When they reached the activity room, they were greeted with a rainbow of balloons on the walls, tinsel covered tables and streamers hanging from the ceiling. A large LCD screen flashed HAPPY BIRTHDAY! There were about 7 people in wheel chairs and about 10 people sitting at sporadic tables throughout the room. Marty glanced around the room and saw a woman surrounded by two young children and a younger man in his mid forties and a very dapper older man who looked about 70. The lady in the chair had a sort of glazed over expression and the youngest of the children was snuggled up in the chair with her. The family seemed very close and Marty guessed that it two was her birthday from the balloons tied to the back of her chair and the crays paper crown on her head. The young man looked strangely familiar to Marty, as if he had seen him somewhere before. His nurse dropped him off at a table, gave him a noise maker and a glass of sparkling white grape juice in a plastic champagne glass.

Marty could not shake the thought that he knew the man from somewhere. He looked over again and realized that the man was walking over to him. He sat up as straight as he could and smiled sheepishly at him as he approached. "Hello." he says.

"Hi, this may seem like a strange question, but would your name happen to be Marty Casey?"

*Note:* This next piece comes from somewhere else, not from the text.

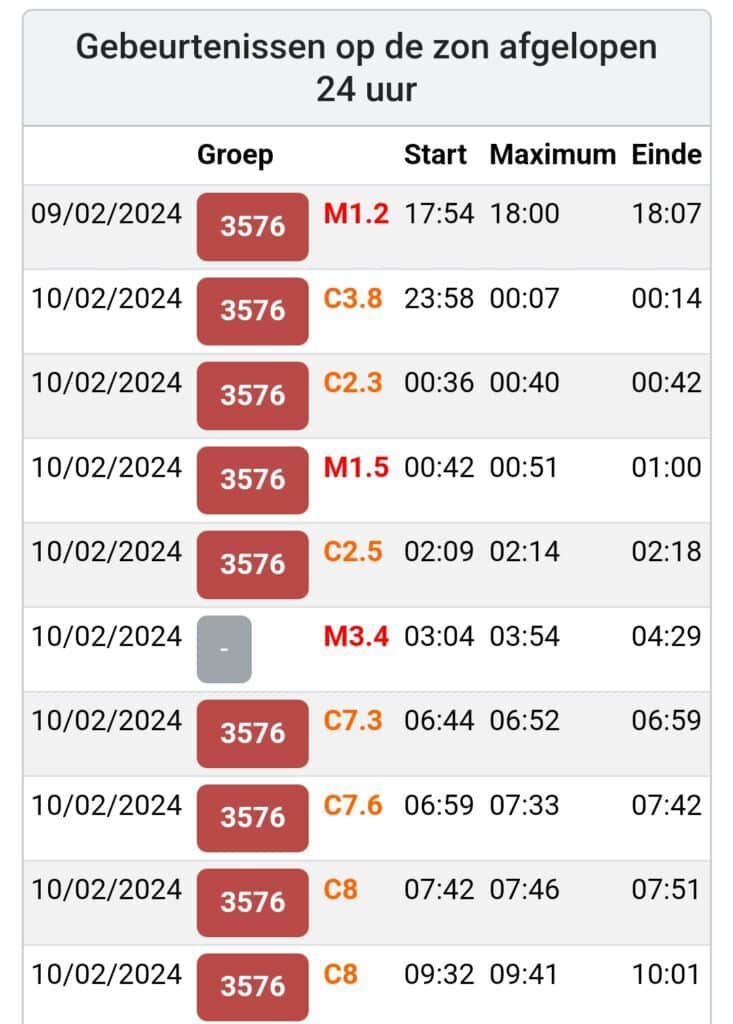 Verwachting: De VERWACHTING is dat met een zeer GROTE ZONNEVLAM ALERT met 60% kans op M-klasse zonnevlammen en 25% kans op X-klasse zonnevlammen en 99% kans op protonenstorm er mogelijk nog meer hoge zonnevlammen gaan komen. Er staat een super grote kluster van zonnevlekken op de aarde gericht AR3576 die hogere C-klasse en ook lage M-klasse zonnevlammen met vooral alleen X-ray licht produceert. Maar de kans op een CME die ook plasma naar de aarde stuurt van dit monster van zonnevlekken is zeer groot.

"Yes, in fact it is. How did you know that? Let me guess, your parents were fans! How wonderful.

"Ha! You could say that my mom was a bit of a fan."

"Aw, that is really nice. I love to know that my music touches people's lives. But I can't seem to shake the feeling that I know you from some where. That probably sounds strange."

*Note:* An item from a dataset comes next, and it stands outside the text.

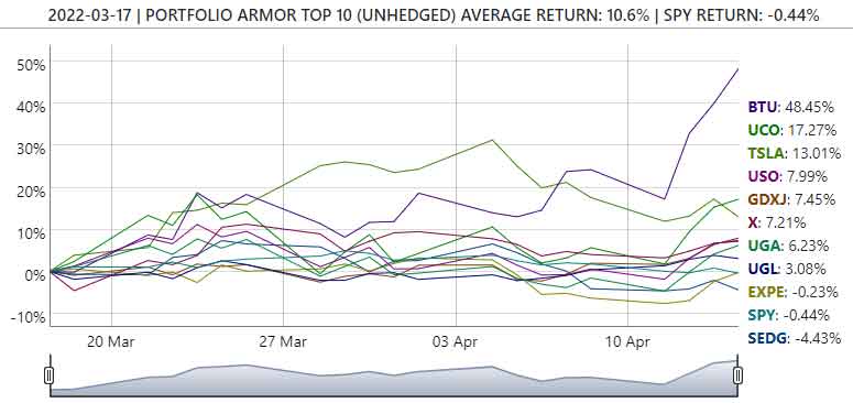 If you bought equal dollar amounts of each of our top ten names from March 17th, you were up 10.6%, while SPY was down fractionally over the same time period. As a reminder, we update our top ten names for subscribers each day the market is open on our website. If You Want To Stay In Touch You can follow Portfolio Armor on Twitter here, subscribe to our occasional email list here, subscribe to our YouTube channel here, or visit our website by clicking on the image below.

"I get that a lot. People say I look exactly like my father, he is the man standing over there, holding my mother's hand."

"I didn't catch your name. You already know mine is Marty. What was yours?"

"Zac Efron Junior."

"Your father is Zac Efron?"

"Yes, Zac Efron is my father. The same one who was named world's best looking person of the century. That never gets old, because like I told you, I get told I look like him. But I have always been more proud to have my mother, it is her birthday today too."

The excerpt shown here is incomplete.